The pyrolysis process involves the breakdown of large molecules into smaller molecules by chemically decomposing organic matter through heating in an oxygen-free environment. Waste plastic is processed to maintain a temperature of 300–350 °C inside the reactor, where the waste plastic is then vaporized and the outlet gas condensed through the condenser unit at this high temperature. The obtained liquid was taken as fuel, and this process happened constantly in converting the waste plastic back into usable oil. All gases from this process were treated before being released into the atmosphere.

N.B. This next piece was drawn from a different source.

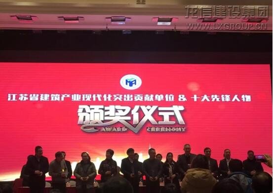 江蘇省建筑產業現代化創新聯盟韓建忠秘書長宣讀“突出貢獻單位”和“十大先鋒人物”表彰決定及頒獎。其中以龍信集團為首的20家企業榮獲“江蘇省建筑產業現代化突出貢獻單位”,龍信集團董事長陳祖新榮獲“十大先鋒人物”稱號。

The exhaust gas was treated through scrubbers and chemical treatment for neutralization. From the pyrolysis process, the following output products were collected: Waste plastic oil (70%), gas (10%), and solid (20%), with values based on the weight of the input. The plastics yielded approximately 600 L per ton.

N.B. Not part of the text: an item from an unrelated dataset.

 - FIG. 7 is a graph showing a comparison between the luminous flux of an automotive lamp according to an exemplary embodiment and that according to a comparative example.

2.1.2. Production of Castor Oil Biodiesel and Palm Oil Biodiesel

The experimental work was carried out in a laboratory at Suranaree University of Technology. Castor oil was used in the transesterification process to convert castor oil into castor oil methyl ester. Methanol and potassium hydroxide (KOH) catalyst were used for the reaction. The reaction was carried out using methanol and castor oil in a 9:1 molar ratio with 0.5% KOH (by weight of oil). The KOH was first dissolved in methanol and was then mixed with the castor oil. This mixture was heated and stirred using an electric heater and a magnetic stirrer. The reaction was carried out at a constant temperature of 50 °C for about 120 min. Then, the mixture was poured into a separating funnel to separate the methyl ester of castor oil and glycerol. The layers were separated and were allowed to settle for a minimum period of 8 h, with glycerol at the bottom layer and the ester at the top layer. The castor oil methyl ester was then washed with water to remove any traces of methanol or potassium hydroxide that was not reacted. The castor oil methyl ester was heated to 120 °C for moisture removal.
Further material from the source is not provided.